Multi-source data fusion, also known as information fusion, is a technology that enables the automated processing of integrated information. This technology originated in the military domain and has gradually been widely applied in the civilian sector after years of development. Today, it has achieved rapid advancements in various fields, including robot control, autonomous driving, and fault diagnosis [31]. The application of data fusion in fault diagnosis relies on the research object’s ability to collect information from multiple types of sensors. Additionally, to achieve a comprehensive analysis and accurate assessment of the fault status, it is necessary to utilize various signal processing techniques to obtain a rich feature space. By combining different intelligent algorithms, multi-level data fusion can be achieved, leading to the final assessment results.
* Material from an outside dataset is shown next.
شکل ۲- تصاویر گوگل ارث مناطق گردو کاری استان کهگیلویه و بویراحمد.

According to the different levels of data fusion, data-fusion methods can be classified into three categories: data-level fusion, feature-level fusion, and decision-level fusion. When selecting different fusion levels, it is necessary to consider the balance between fusion performance and implementation cost [11].
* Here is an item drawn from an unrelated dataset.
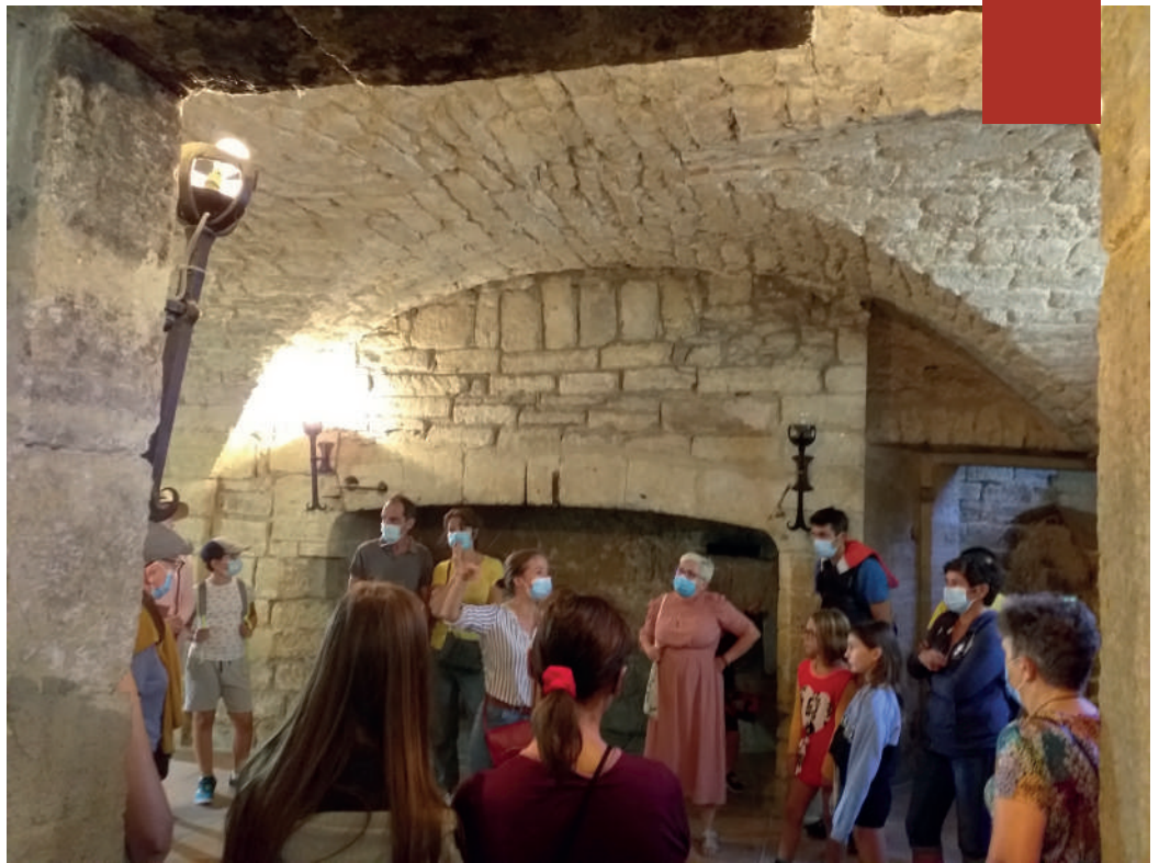
Ancienne cuisine du château

Data-level fusion, also known as pixel-level fusion, refers to the direct integration of raw data, which maximally preserves the original information and exhibits superior fusion performance. Xia et al. proposed a CNN-based fault-diagnosis method for rotating machinery that combines sensor fusion with spatiotemporal information to achieve automatic feature extraction [32]. Chen et al. proposed a fault-diagnosis method for gearboxes based on DCNN, which integrates the raw data of vertical and horizontal vibration signals to achieve automatic feature extraction [33]. However, data-level fusion models do not possess the ability to correct errors, and their performance is poor when the sensor types are different or when there are significant differences in magnitude.
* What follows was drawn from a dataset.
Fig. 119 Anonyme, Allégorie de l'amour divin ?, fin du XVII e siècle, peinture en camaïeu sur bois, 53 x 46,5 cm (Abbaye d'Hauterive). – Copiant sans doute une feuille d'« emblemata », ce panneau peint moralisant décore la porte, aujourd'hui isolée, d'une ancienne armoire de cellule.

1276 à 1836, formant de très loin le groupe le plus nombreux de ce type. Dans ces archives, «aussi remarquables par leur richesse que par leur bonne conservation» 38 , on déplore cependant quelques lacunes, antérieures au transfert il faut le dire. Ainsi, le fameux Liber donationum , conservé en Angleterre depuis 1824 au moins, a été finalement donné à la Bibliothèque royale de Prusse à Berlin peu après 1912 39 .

Feature-level fusion can achieve a more refined integration of information through the dimensionality reduction of the data. Compared to data-level fusion, feature-level fusion offers higher robustness, less information redundancy, greater flexibility, and better real-time performance, allowing for a more comprehensive representation of the data’s characteristics. Azamfar et al. proposed a novel two-dimensional CNN architecture that integrates features extracted from multiple current sensors to monitor gearbox faults under different operating conditions and speeds [34]. Parai et al. proposed a feature-level fusion method for circuit fault diagnosis, which employs wavelet analysis for fault-feature extraction from multiple signals and uses PCA for feature fusion. Ultimately, circuit fault-type diagnosis is achieved based on a support vector machine [9]. In recent years, the combination of feature-level fusion and deep learning models has gradually become a common approach to achieve better diagnostic results.
Decision-level fusion typically occurs after each model or sensor completes its processing independently, followed by a decision merger. This approach has a high degree of information integration and lower computational complexity, making it suitable for various signal sources or data types. Common decision-level fusion methods include the Dempster–Shafer (D-S) theory, decision tree fusion, and weighted voting. However, the complexity of decision-level fusion methods is relatively high, with significant loss of original data and various challenges in choosing fusion strategies, which is why they are less frequently used in conjunction with deep learning models.
Based on the advantages and disadvantages of different levels of multi-source data fusion described earlier, and in conjunction with the content of this study, a multi-source data-fusion algorithm based on a CNN model has been proposed. This algorithm is applied to the identification of the severity of ITSC faults, aiming to enhance feature learning from various types of sensor information. By enriching the feature space and integrating multi-faceted fault characteristics, the algorithm seeks to improve the diagnostic accuracy of ITSC fault identification under various complex operating conditions.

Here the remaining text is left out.